Sakhawe Ahmed trims his client’s mustache, Mohamed Khalifah, using a flat razor. PHOTO | COURTESY
Sakhawe Ahmed trims his client’s mustache, Mohamed Khalifah, using a flat razor. PHOTO | COURTESY 

A barbershop in Mombasa is selling a kind of nostalgia to customers who remember the old times of grooming products; razors and scissors.

At a time when barbershops are closing, ushering in a new era of men salons, 62-year-old Sumar Zakria and his brother Sakhawe Mohamed Ahmed, 40, have maintained the old school styles of cutting hair.

Sumar, who has been in the business of cutting hair for more than 30 years, uses scissors and razors. His father was also a barber.

At their Al Hayat barbershop, you will rarely find young people coming in but older loyal customers who love a ‘‘classic’’ shave.

“I use the scissors to trim the hair, reduce the beard with the machine and finish with the razor blade to get a clean hair line cut. We were taught by our father and with interest we were able to develop the skill,” Sumar says, adding that they get about 15 to 20 people a day.

The barbers have tried to modernise but have only added shaving creams and head massages.

As women walk into men’s salons to shave their hair and get additional services such as neck and shoulder massages, Sumar says they cannot serve women because of religion.

“It is against our religion. It is not permissible to interact or touch a woman who is not your wife or sibling,” Sumar says.

One of their clients, Mohamed Khalifah says he finds it more relaxing while the barbers exercise their art on his head.

“With a razor blade and scissors, you get a perfect shave. This has been my barbershop for four and a half years,’’ he says.

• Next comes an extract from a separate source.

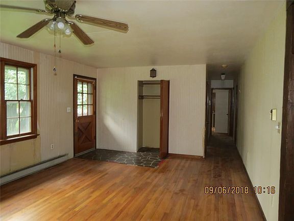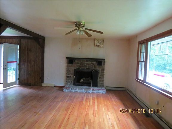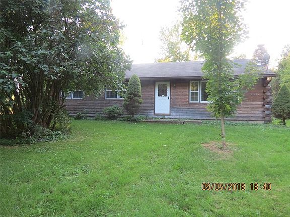 Log sided ranch home with almost 2 acres, public water connected. Semi private lot with fireplaced living room, hardwood floors throughout. Forced air heat, central AC, additional wood stove in basement

Issak Hassan, another customer who is in his late 70s says he has frequented the barbershop since it was located at Marikiti.

“Sumar is my friend since our heydays. I love his work and this is because he uses the scissors. He has been my barber for the last 10 years,” he says.

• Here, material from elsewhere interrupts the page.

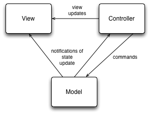 This observation leads to the Model-View-Controller (MVC) pattern, in which the application classes are separated into one of three categories: the model, which contains the important application state and operations, and does not refer to the GUI classes; the view, which provides a graphical view of the model; and the controller, which handles user input and translates it into either changes to the view or commands to be performed on the model.
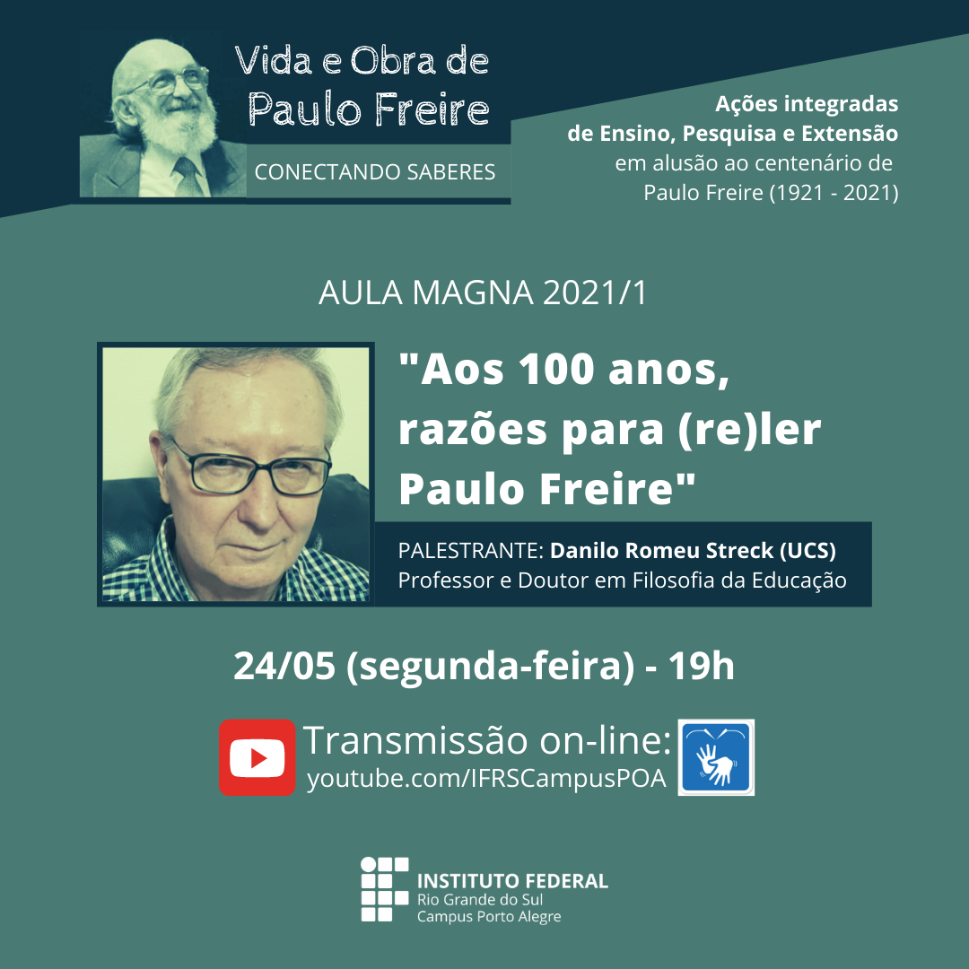O Campus Porto Alegre do IFRS promove na segunda-feira, 24 de maio de 2021, às 19h, a Aula Magna do semestre 2021/1, intitulada "Aos 100 anos, razões para (re)ler Paulo Freire", ministrada pelo professor Dr. Danilo Romeu Streck, da Universidade de Caxias do Sul (UCS). A mediação será da professora Dra. Aline Grunewald Nichele, representante da Comissão para Organização da Formação Inicial e Continuada em Educação do Campus Porto Alegre. O evento será transmitido on-line pelo canal do Campus Porto Alegre no YouTube, com acesso aberto a todos os interessados e acessível em Libras. em A atividade integra ainda a série de ações integradas de Ensino, Pesquisa e Extensão do IFRS - Campus Porto Alegre com a temática Vida e Obra de Paulo Freire - Conectando Saberes, em alusão ao centenário do educador brasileiro, celebrado neste ano.

For Issak, cutting hair using scissors and razor blade requires mastery.

‘‘The scissors makes the barber concentrate and be keen on his work unlike using the clippers. The youth love quick money, easy jobs and that is one of their undoing. They want to quickly use the hair clippers,” he said.

The traditional haircut is not, however, cheaper. They charge from Sh100 to Sh450.
The old style in hair grooming comes with its benefits.

“Whenever there is no power, it is business as usual for us.”

The two brothers have four old-fashioned heavy duty razor blades made from steel which they sterilise after use.

Sumar and his brother are now teaching the younger barbers to use scissors.

‘‘But most of the youngsters have no interest in the scissors. They even do not know how to handle the scissor and it is a pity,” he says.

Modern barber

Moses Kituwai, a younger barber is among those working in men salons that ditched the old-school styles. His salon deals with women and has masseurs and a customer can get a pedicure and manicure.

His customers are also trendier and they want hairstyles that they seen on the Internet.

Moses’ hair-cutting skills has seen him win awards.

“This job is sensitive, you deal with people’s looks and any mess will make you lose clients,” he says.